[Collected data entries]

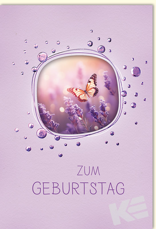 Druckkarte, weißer Karton, Prägung, lila Blumen, Schmetterling
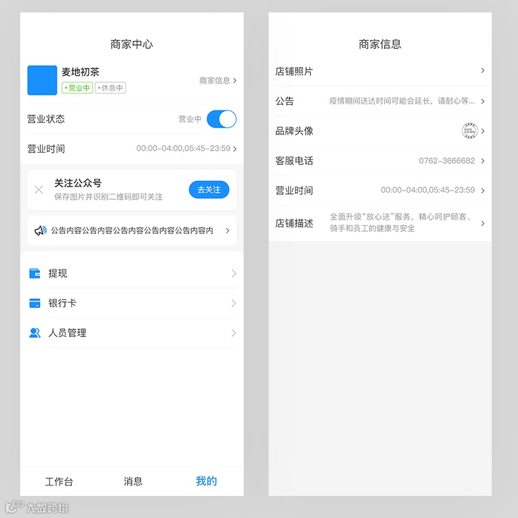 ·基本信息管理(营业状态、时间、店铺描述等),商家可随时随地调整
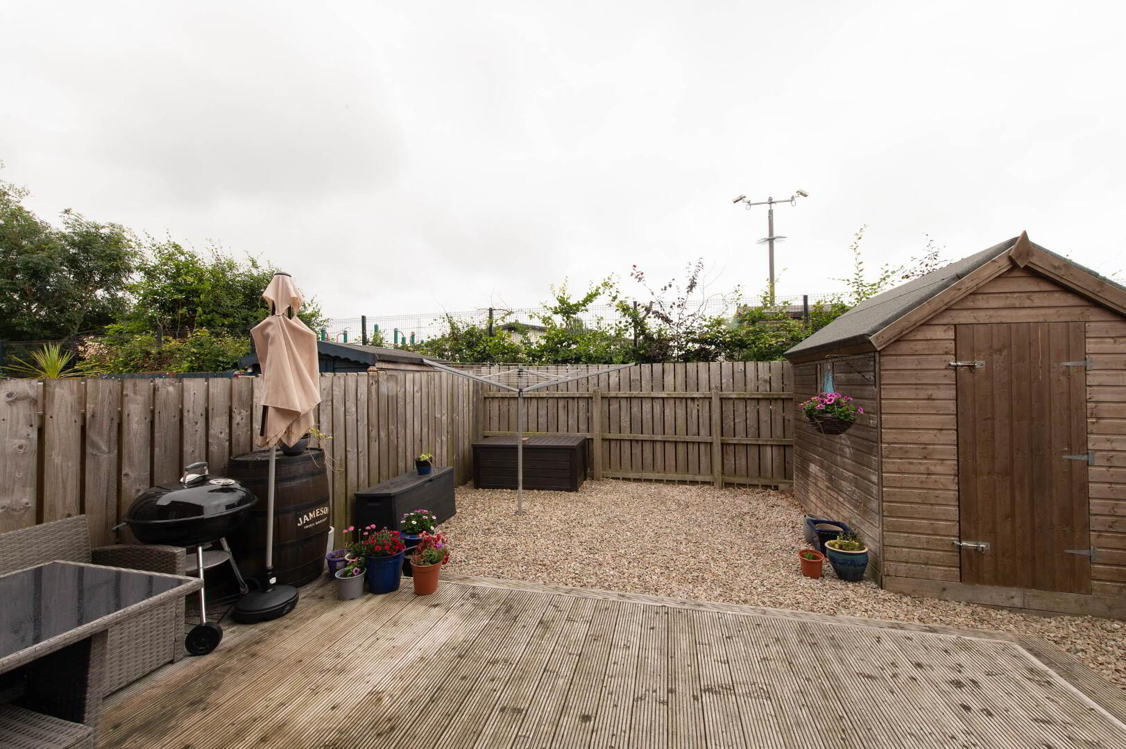 Rear: enclosed garden to rear in raised decked patio area and stones, outside light and tap
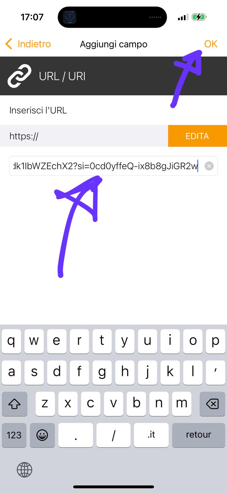 Torna nell'app NFC Tools e incolla il link. Ora clicca “OK” in alto a destra.
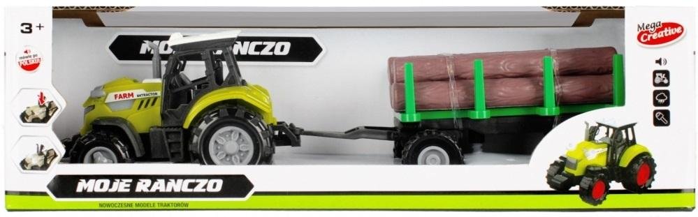 Zalety produktu: pojazd posiada efekty dźwiękowe: odgłos klaksonu, komendy wypowiadane przez kierowcę traktora "ruszamy do pracy wszyscy gotowi", "uwaga idzie burza", "koniec na dziś wracamy do domu", posiada odczepianą przyczepę z balami drzewa, traktor posiada efekty świetlne. Maszyna Rolnicza...
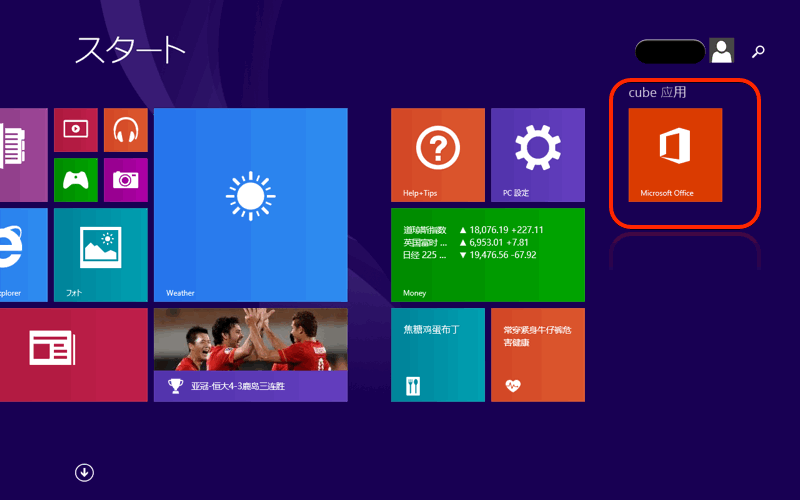 「Windows 8.1」のスタート画面に「Microsoft Office」のマークがあるので、タップ/クリックしてみます。
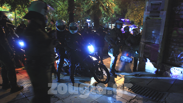 Άνδρες των ΜΑΤ κυνήγησαν συγκεντρωμένους στους δρόμους των Εξαρχείων, κοντά στο μνημείο του Αλέξανδρου Γρηγορόπουλου, στη συμβολή των οδών Τζαβέλα και Μεσολογγίου, το απόγευμα της Δευτέρας.
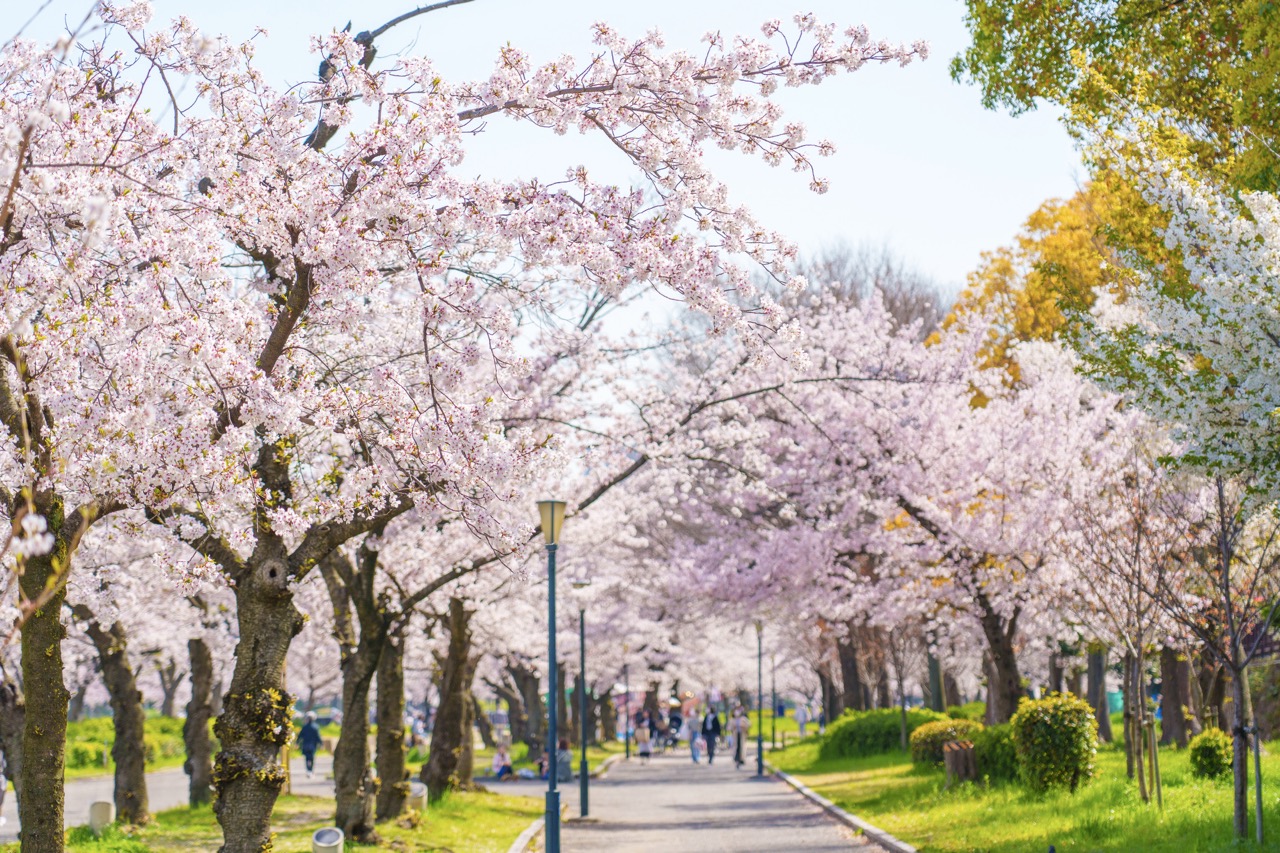 每年 3 月中旬起,園內種植的 12 種、約 5,500 棵櫻花樹依序盛開,彼岸櫻、寒緋櫻、染井吉野櫻等各式品種次第綻放,將整座公園染成一片迷人的粉紅色。

• [TASK DETAILS] From the line containing "Άνδρες των ΜΑΤ" down to the last line of the entries above, retype each line exactly as it stands, but skip the pictures.

• [PROBLEM SOLUTION]
 Άνδρες των ΜΑΤ κυνήγησαν συγκεντρωμένους στους δρόμους των Εξαρχείων, κοντά στο μνημείο του Αλέξανδρου Γρηγορόπουλου, στη συμβολή των οδών Τζαβέλα και Μεσολογγίου, το απόγευμα της Δευτέρας.
 每年 3 月中旬起,園內種植的 12 種、約 5,500 棵櫻花樹依序盛開,彼岸櫻、寒緋櫻、染井吉野櫻等各式品種次第綻放,將整座公園染成一片迷人的粉紅色。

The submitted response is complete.